Interior Services Group saw profits fall by 61 per cent and its turnover drop by 14 per cent in the second half of 2009.
In the six months ended 31 December 2009, the contractor posted a turnover of £484 million compared with £562 million in the same period the previous year and saw pre-tax profit fall from £6.3 million to £2.4 million.
The group’s order book at December was £780 million - compared with £950 million in 2008 - of which £442 million is for delivery in the current financial year and £320 million for the next financial year.
ISG’s London division recorded a 39 per cent increase in profits to £3 million from £2.2 million in the second half of 2008 despite a £40 million fall in turnover.
Its regional construction division doubled its operating profit to £2.6 million compared with £1.3 million in the second half of 2008.
Meanwhile ISG’s European division saw a 29 per cent fall in revenue to £13 million from £18 million in 2008 and posted a loss of £0.9 million, citing cancellations or delays by blue chip clients due to the current economic climate.
It added that it still expects to make a profit from this division in light of its £29 million order book.
ISG chief executive David Lawther said: “I am pleased to announce a robust set of results despite the difficult trading environment and an increased interim dividend.
“Whilst our markets remain highly competitive, we have weathered the worst of the fallout from October 2008 and as these results demonstrate we are emerging in good health.
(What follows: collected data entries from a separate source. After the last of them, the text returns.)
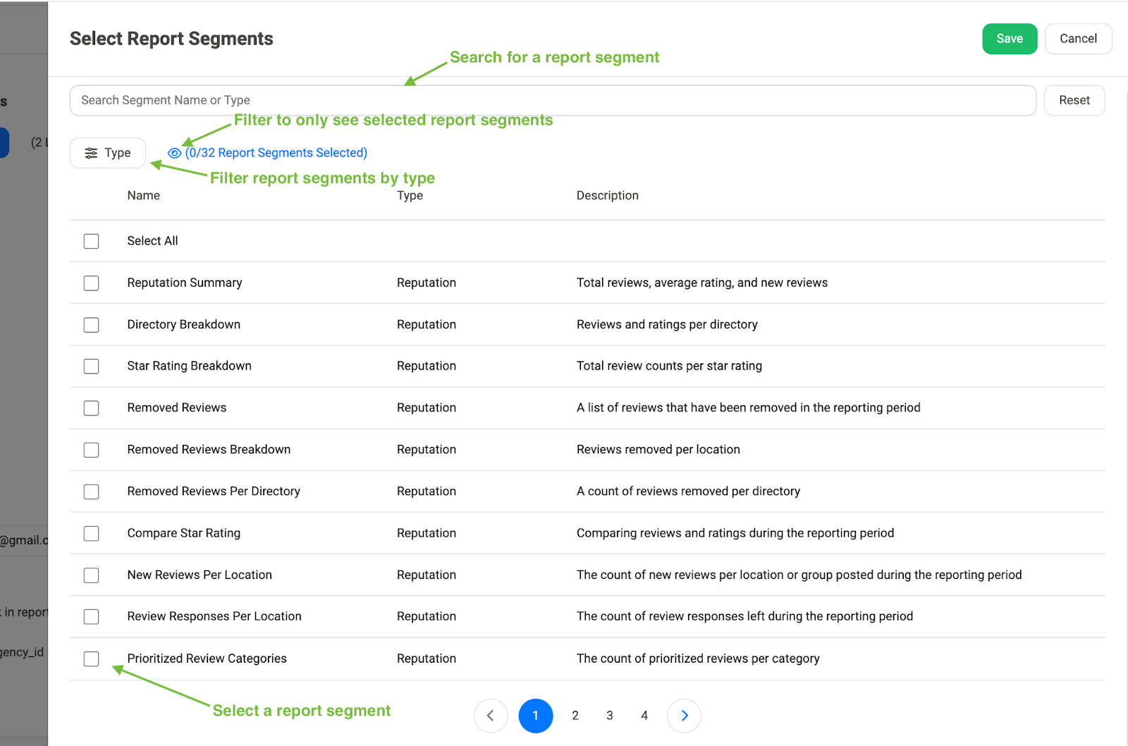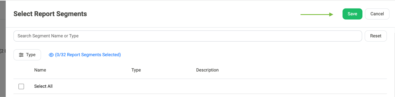 Once you have selected the report segments that you want to include, click on the Save button in the top right corner of the Select Report Segments tab:
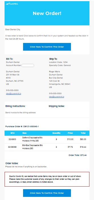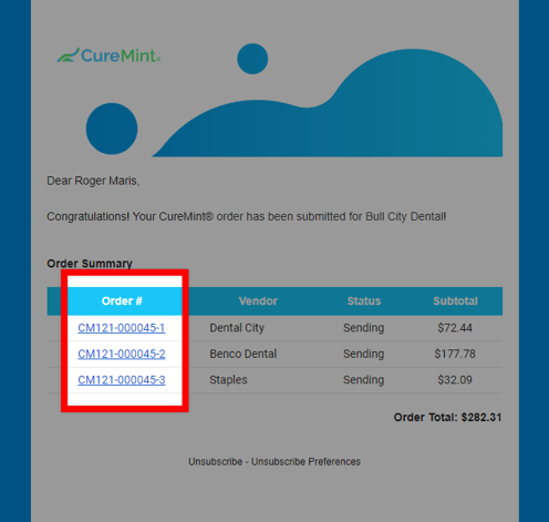 When you place an order through CureMint, the order is sent to your vendor(s) either via email or via API integration.
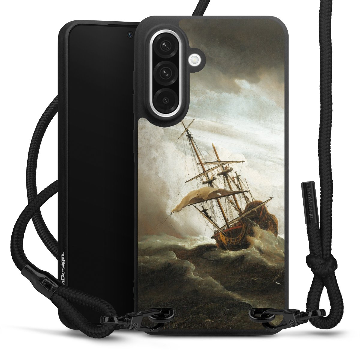 Pure Black: Handyhülle, Stoffband und Metalldetails in stylischem Mattschwarz.
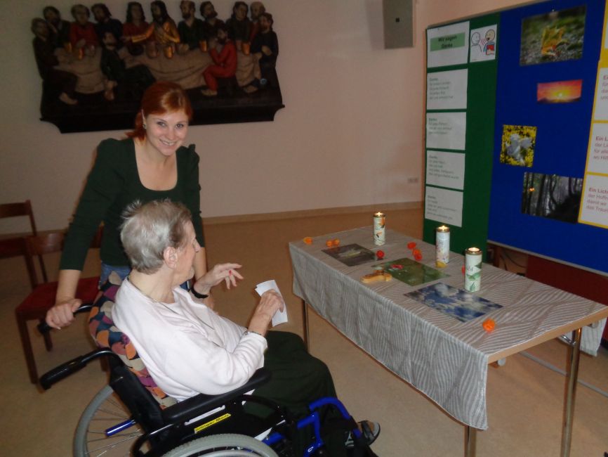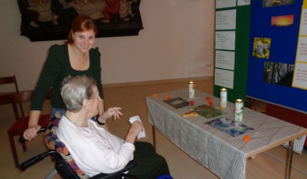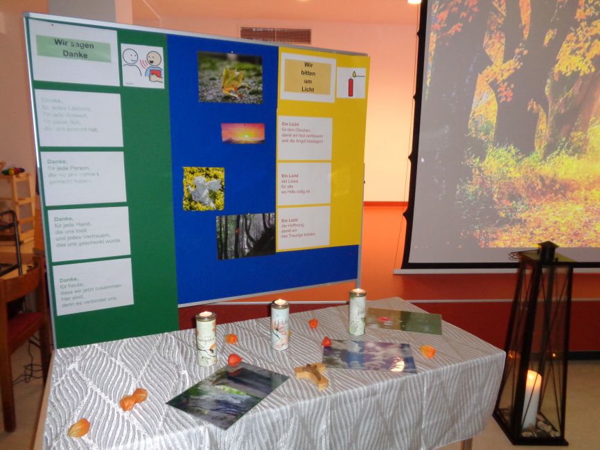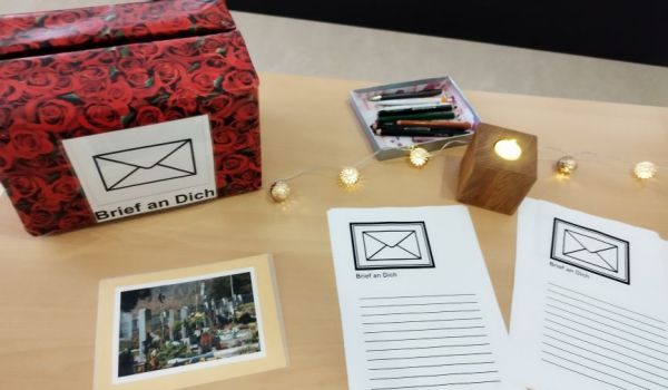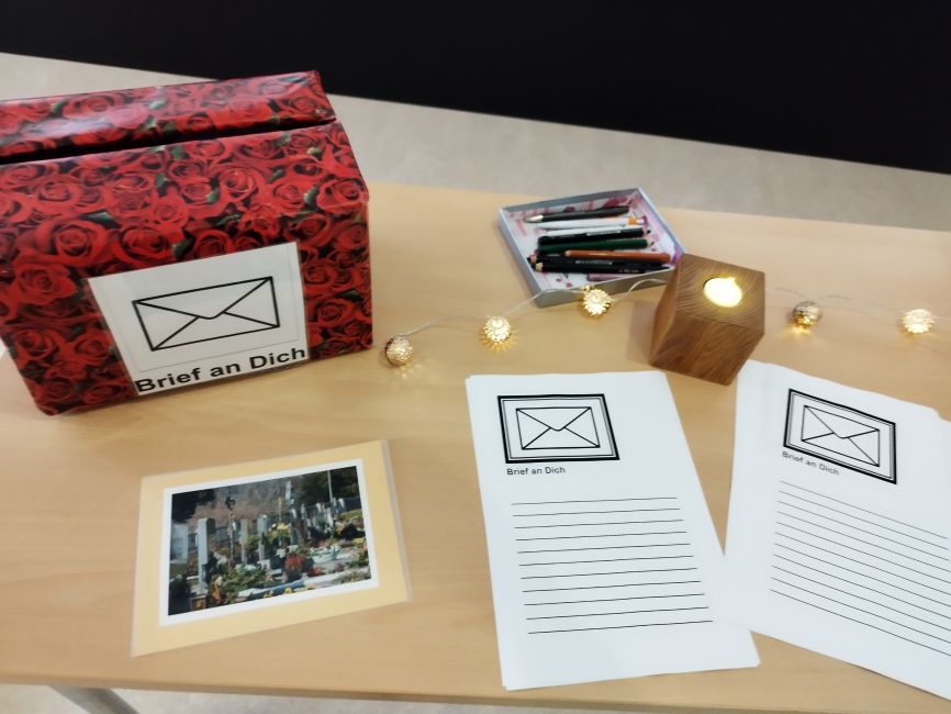 Jeder konnte sich in dieser Stunde individuell Zeit nehmen und persönliche Gegenstände mitbringen wie beispielsweise Blumen, Herbstblätter, Tannenzapfen, Zeichnungen, Erinnerungssteine oder LED-Lichter. Somit entstand ein bunter Tisch mit vielen Erinnerungen an die Menschen, die vorausgegangen sind. Vor allem das Brief schreiben „Ein Brief an Dich“ gefiel allen sehr gut. Es war ein sehr schönes Gedenken an die Verstorbenen.
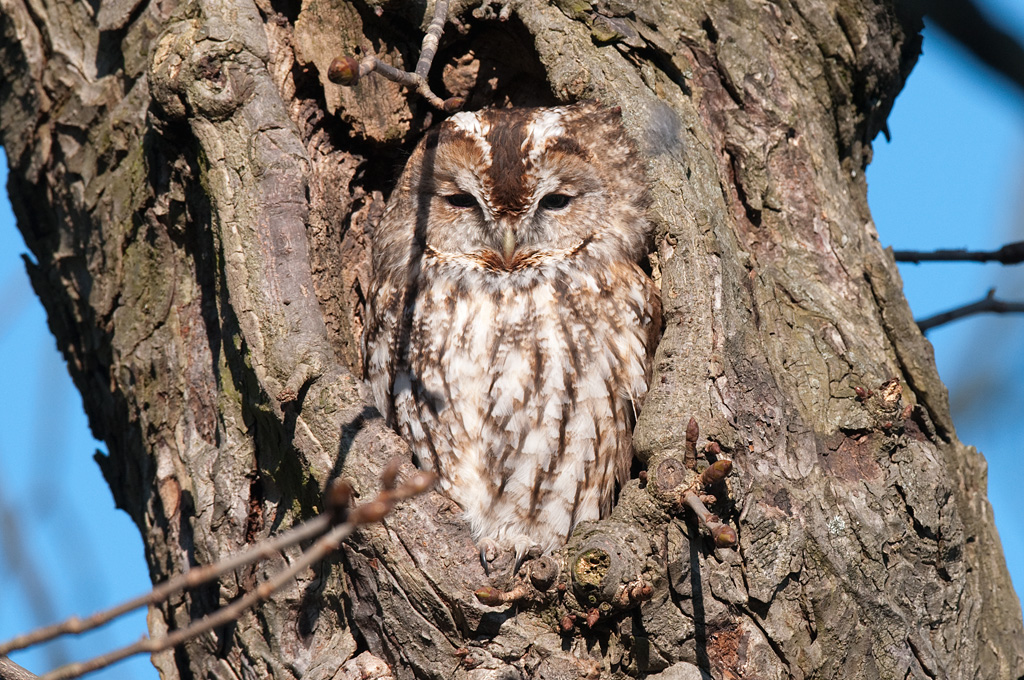 Ein Waldkauz geniesst die Sonne.
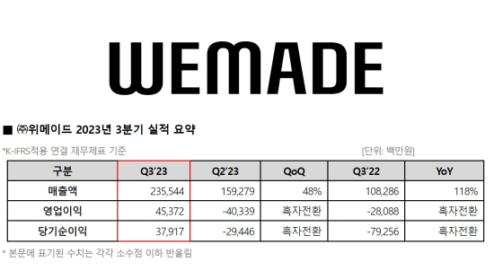 [À§¸ÞÀ̵åÇ÷¹ÀÌ] 2023³â 3ºÐ±â ¿¬°á ±âÁØ ¸ÅÃâ 299¾ï ¿ø, ´ç±â¼ø..  (0)  2023-11-07
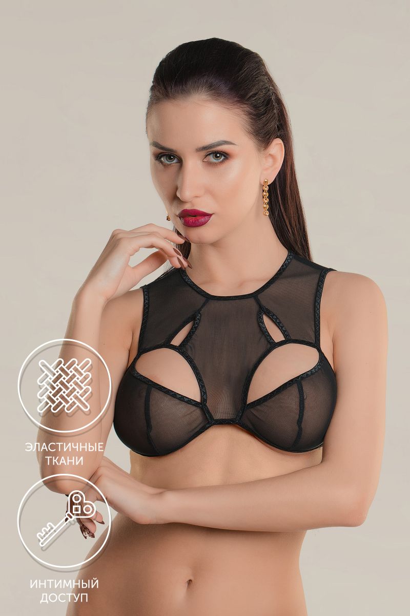 Бралетт с фигурными вырезами Delicacy из тонкой эластичной сетки эффектно облегает фигуру. Ощущается совсем невесомым, не сковывает движений, но визуально меняет силуэт. Шелковистая поверхность материала дарит приятные ощущения при прикосновении. А современные элементы дизайна бралетт тешат женское самолюбие. Фигурные вырезы притягивают взгляд к нежной коже бюста и зрительно добавляют полноту груди. Необычный крой, регулируемые бретели, застежка на шее и двухрядная застежка на спине обеспечивают идеальную посадку. Открытая спина – важная деталь чувственного образа.
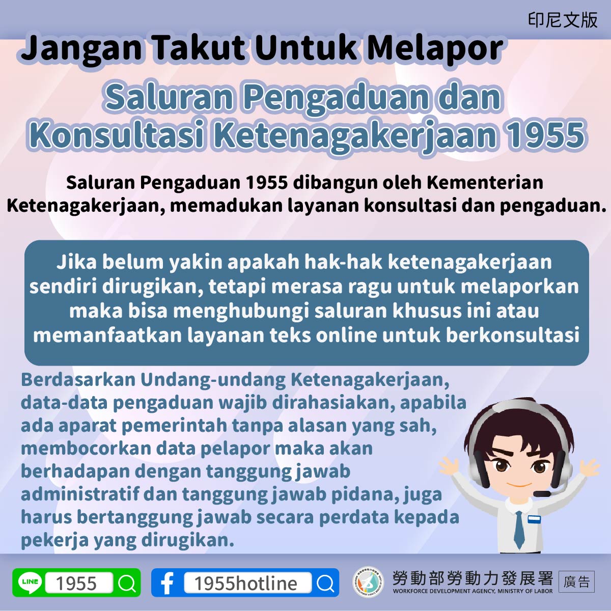 Saluran Pengaduan 1955 dibangun oleh Kementerian Ketenagakerjaan, memadukan layanan konsultasi dan pengaduan.
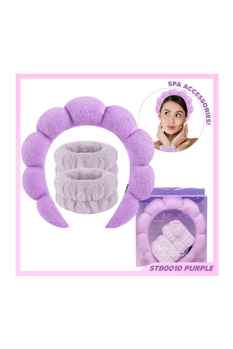 Quick Features: • Designed for skincare and makeup routines • Super soft & absorbent terrycloth • 3 piece set includes: • 1 headband to keep hair pushed back while cleansing or applying • 2 wristbands to prevent water from running down arms Merchandising Details: • Peggable packaging • Ships in a free counter display • Complimentary Lemon Lavender f
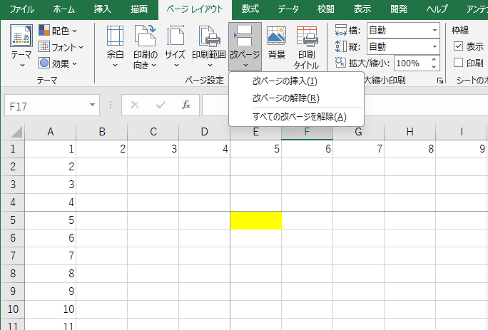 ワークシートで、特定のセル以降の行または列から新しいページを始めたいときは、そのセルに「改ページ」を入力します。次の図は、セル:E5に「改ページの挿入」を行っている例です。
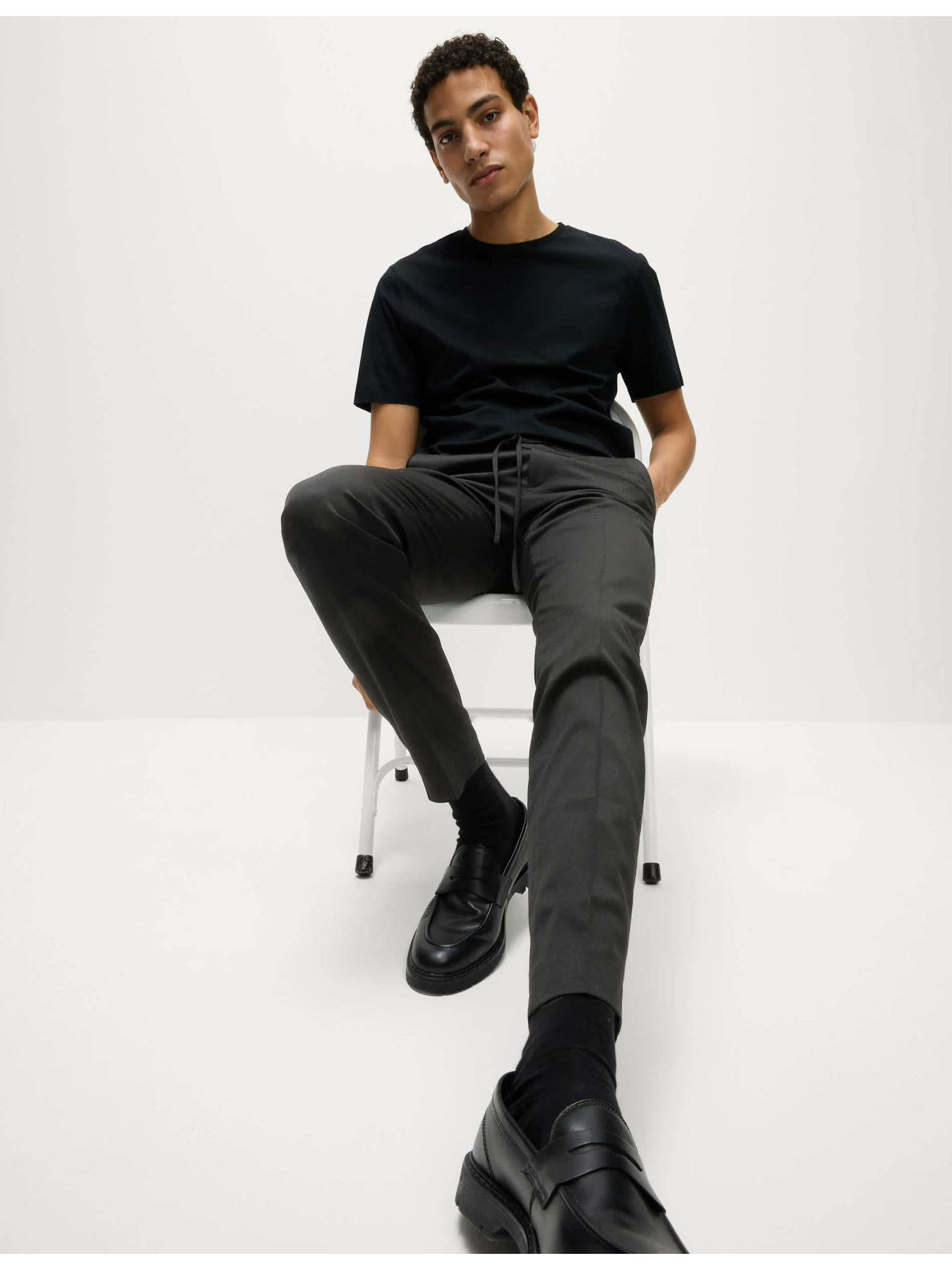Tepláky s rovnými nohavicami, sťahovacou šnúrkou a vysokým podielom bavlny Marks & Spencer čierna
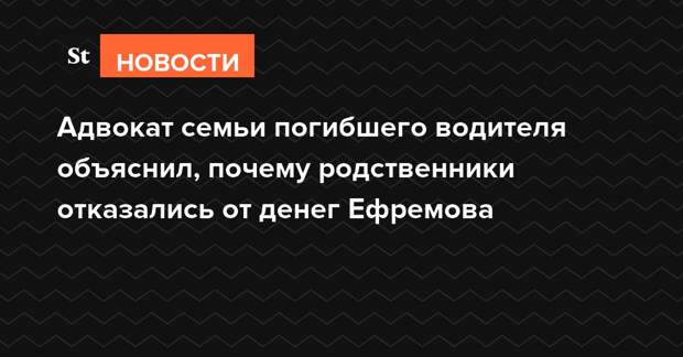 Об этом заявил адвокат потерпевшей стороны Александр Добровинский. Он отметил, что предложит родственникам подать гражданский иск о моральном ущербе. По словам юриста, он взялся защищать семью погибшего, поскольку не хочет, чтобы Ефремов избежал наказания за пьяную аварию.«Брат погибшего Сергея мне сказал, что они ждали хотя бы извинений от близких Ефремова. Семья приняла решение не брать ни одной копейки, в случае если какие-то деньги будут предложены им. Одна фраза тронула меня до сердца: "Жизнь нашего брата бесценна, и деньгами ее купить нельзя», — заявил Добровинский в эфире телеканала «Россия 1».
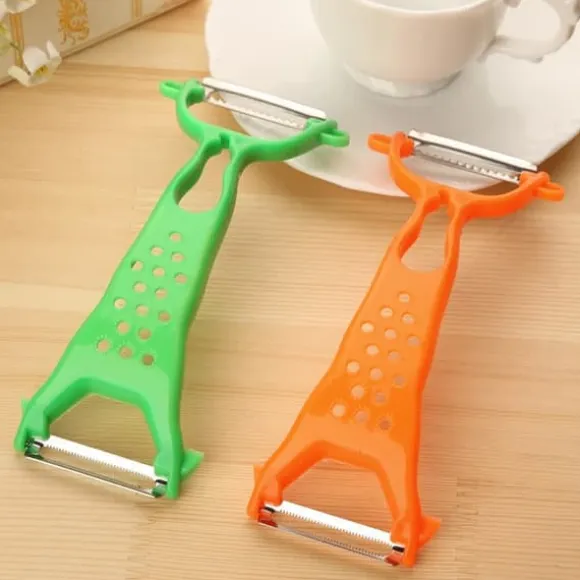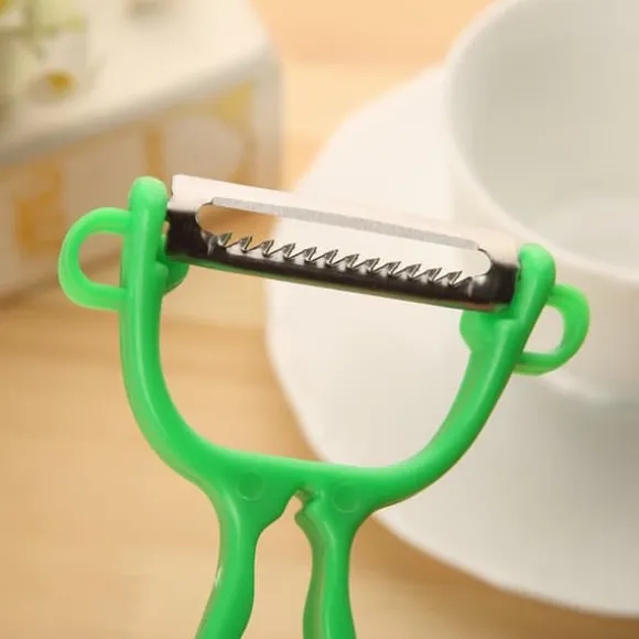 Detta 2-i-1 skalset kombinerar två bladtyper – ett rakt och ett räfflat – vilket gör det enkelt att både skala och strimla frukt och grönsaker. Du kan justera tjockleken genom att ändra trycket med handen, för perfekta resultat varje gång.
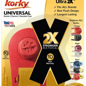 The Korky ultra 2X flapper is long-lasting, most universal 2 in flapper available. The proprietary chlorazone-II rubber formulation lasts 2X longer than other flappers and is backed by a 10 years warranty to hold up in the harshest environments. Korky red rubber resists chlorine, bacteria, city water treatment, hard water and well water. The toilet flapper adjusts to match original toilet settings and eliminates water waste by decreasing the amount of water flushed. Ideal for all standard 2 in toilets, including 1.28, 1.6, 3.5 and 5 gpf. The adjustable toilet flapper has multiple settings to ensure it fits popular 2 in toilet models. Made of flexible rubber for a tight seal and easy to install.
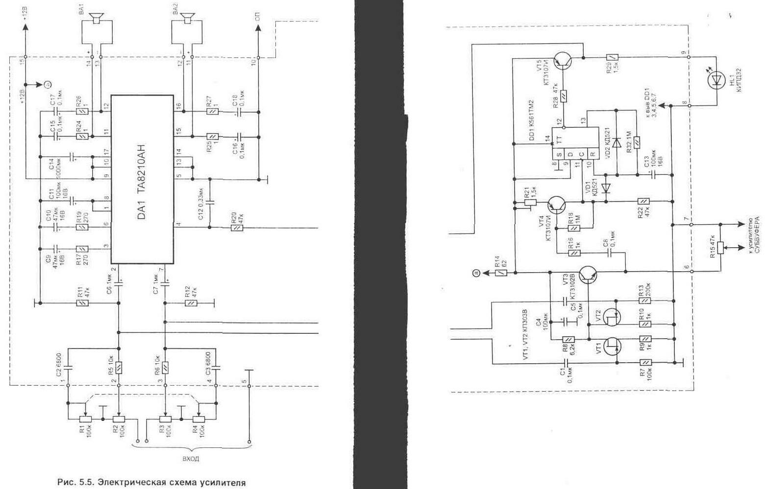 Схема принципиальная Высококачественный звуковой усилитель для компьютераИспользуя современную импортную элементную базу, не сложно самостоятельно собрать высококачественный звуковой усилитель. Потребуется всего одна микросхема фирмы TOSHIBA. При этом не нужна настройка, которая подразумевает наличие дорогостоящих измерительных приборов. Электрическая схема такого усилителя приведена на рис. 5.5. Для его изготовления выбрана микросхема ТА8205АН в типовом включении. Обычно она применяется в аппаратуре Hi-Fi класса благодаря малым нелинейным искажениям. Подойдут также аналогичные, но более мощные: ТА8210АН и ТА8215АН (схема подключения в этом случае не меняется). В отличие от многих других типов, кроме низкого коэффициента нелинейных искажений в микросхеме предусмотрена работа в дежурном режиме, т.е. с пониженным потреблением тока от источника в случае подачи на вход DA1/4 нулевого уровня. Кроме того, в усилителе обеспечивается мягкое включение, что устраняет щелчки в колонках при подаче питания.
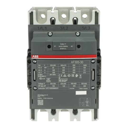 Schütze AF116 bis AF750 von 55 bis 400 kW AC-3 (400 V) stehen für die kompakte Baureihe mit AC/DC-Ansteuerung und sehr weiten Spulenspannungsbereichen. Nur 4 Spulen decken Steuerspannungen von 20...500 VDC bis 24...500 VAC ab - ohne zusätzlich erforderliche Löschglieder. Dadurch sind sie weltweit und nur in geringer Varianz einsetzbar. AF116 bis AF370 gibt es auch in direkt aus SPS ansteuerbaren Versionen, ab AF400 ist ein SPS-Eingang standardmäßig vorhanden. AF-Schütze schalten Leistungskreise mit Motoren, leicht induktiven oder nicht-induktiven Lasten. Anbaubare Zubehörteile sind bis zu 2 rechts- und linksseitig montierbare 2-polige Hilfsschalter. Alle Hilfsöffnerkontakte sind als Mirrorkontakte nach IEC60947-5-1 Anhang L ausgeführt. Weiteres Zubehör wie Klemmenabdeckungen, Verdrahtungshilfen sowie Verriegelungsglieder u.a. ergänzen das Sortiment.

We now feel confident that the group is well placed to resume the growth path demonstrated from 2004 through to 2008 as the markets recover. We will continue to pursue organic growth and acquisition opportunities.”
The fall in pre-tax profit was increased by an exceptional item of £1.9m, representing ISG’s estimate of the fines and legal costs resulting from Office of Fair Trading’s cover pricing investigation into two subsidiaries - Propencity Group and Pearce Construction, prior to ISG’s ownership.